東京三会建築会議の「処分適正化」「処分問題の改善要望」への活動もあり、建築士法第10条の2の改正につながっている事を知りました。役員の方々が常日頃建築士の為に活動されている事に敬意を表したいと思います。

平成28年度第1回の建築士の懲戒処分は、今年業務停止処分を受けたA指定確認検査機関と、かってA社に所属した4人の確認検査員に関わる物件だと聞いています。いずれも指定確認検査機関から確認済証及び検査済証の交付を受けた物件であり、済証を交付した指定確認検査機関に対する国土交通省の監査で違反設計部分が発見され、それに係つた設計者=建築士の処分となっています。

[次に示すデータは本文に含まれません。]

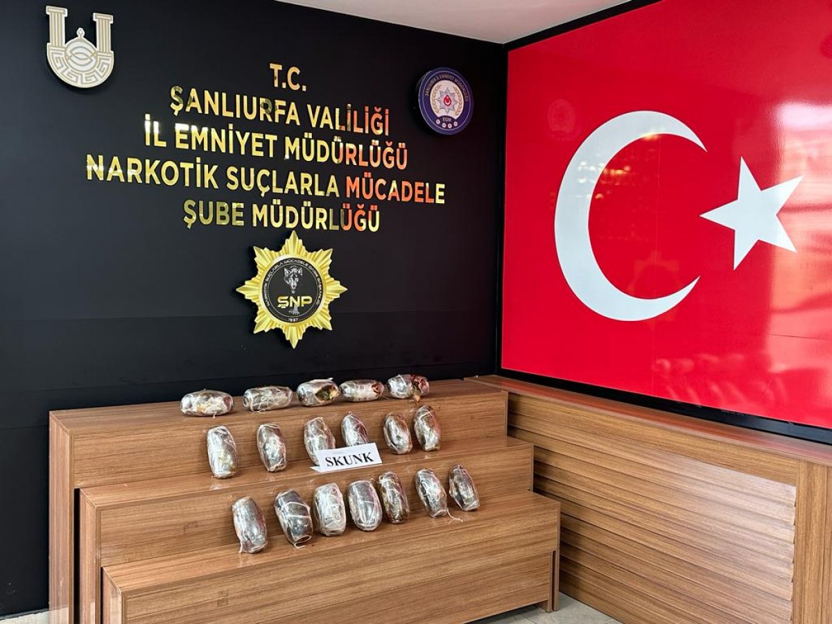 Şanlıurfa İl Emniyet Müdürlüğü ekipleri de sabah saatlerinde operasyon düzenledi. Gerçekleşen operasyonda 13 kilogram skunk maddesi ele geçirildi.

もともと建築基準法第6条の2第6項には、下記のように記載されています。

『6   特定行政庁は、前項の規定による確認審査報告書の提出を受けた場合において、第1項の確認済証の交付を受けた建築物の計画が建築基準関係規定に適合しないと認めるときは、当該建築物の建築主及び当該確認済証を交付した同項の規定による指定を受けた者にその旨を通知しなければならない。この場合において、当該確認済証は、その効力を失う。』
*
指定確認検査機関が交付した建築確認済証や工事完了検査済証は、絶対的な「正」ではなく、事後に覆ることがあるということは指定確認検査機関制度が出来たときからの問題でした。このことを話すと、未だに知らない建築士がいることに逆に驚きを感じます。
*
設計者が指定確認検査機関と付き合う時の基本的スタンスは、「全幅の信頼」を持つことではなく、基準法の取扱いが難しい場合は、あくまでも特定行政庁と指定確認検査機関の相互の見解を聴くようにして設計者自らが判断することが必要だと思います。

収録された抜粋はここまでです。